§ **Source material**:
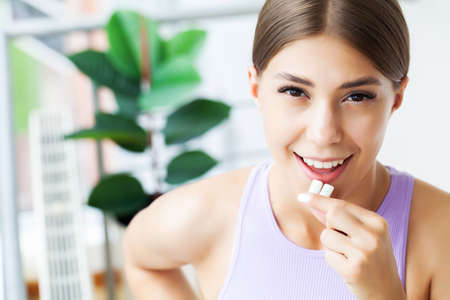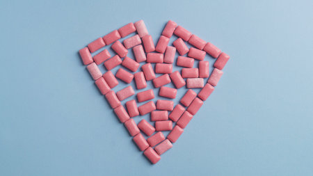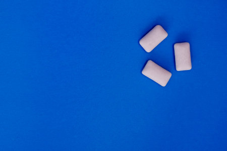 Human jaw model with teeth and chewing gum pads on a blue background. Dental care concept
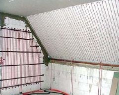 A nedves csőfektetési eljárásnál a cső külső fala és a rabicháló között 2 mm, a háló fölött 8 mm vastag vakolat készítése ajánlott. A padlófűtésnél alkalmazott betonréteg ajánlott vastagsága 10 cm, ebben helyezkedik el a fűtéscső. A cső elhelyezésénél törekedni kell arra, hogy a cső tetejére minimum 5 cm betonréteg kerüljön. Célszerű először az aljzat betonozását elvégezni, ezáltal elkerülhető, hogy a lefektetett csövek később sérüljenek.
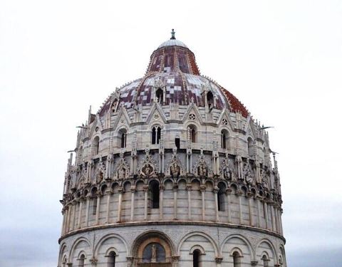 来奇蹟广场一定会看到这个很漂亮的大理石圆顶,跟佛罗伦斯的百花大教堂圆顶很类似,只是颜色不同,不过比萨洗礼堂是奇蹟广场上第二古老建筑,同时也是义大利最大的一座洗礼堂。
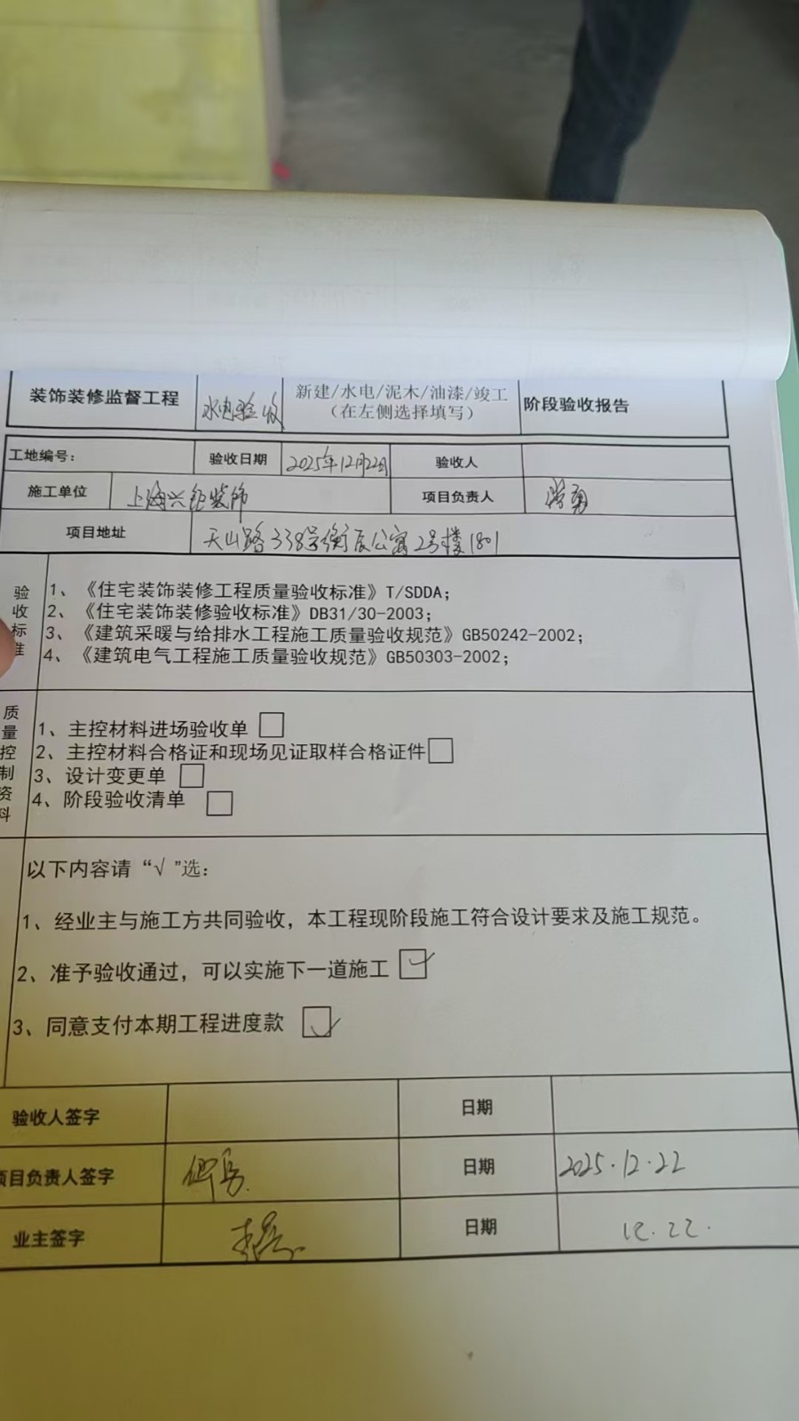 水電整體完工結(jié)束,現(xiàn)場(chǎng)約了業(yè)主和平臺(tái)楊老師共同進(jìn)行驗(yàn)收,下水通水走水測(cè)試驗(yàn)收等,最后驗(yàn)收通過(guò)并且簽了驗(yàn)收單,接下來(lái)期待泥木進(jìn)場(chǎng),繼續(xù)做好細(xì)節(jié)。

§ **What you will do**: Print each line from the one containing "来奇蹟广场一定会看到这个很漂" through the last line of the listing, both included, exactly and with no pictures.

§ **Answer to the problem**:
 来奇蹟广场一定会看到这个很漂亮的大理石圆顶,跟佛罗伦斯的百花大教堂圆顶很类似,只是颜色不同,不过比萨洗礼堂是奇蹟广场上第二古老建筑,同时也是义大利最大的一座洗礼堂。
 水電整體完工結(jié)束,現(xiàn)場(chǎng)約了業(yè)主和平臺(tái)楊老師共同進(jìn)行驗(yàn)收,下水通水走水測(cè)試驗(yàn)收等,最后驗(yàn)收通過(guò)并且簽了驗(yàn)收單,接下來(lái)期待泥木進(jìn)場(chǎng),繼續(xù)做好細(xì)節(jié)。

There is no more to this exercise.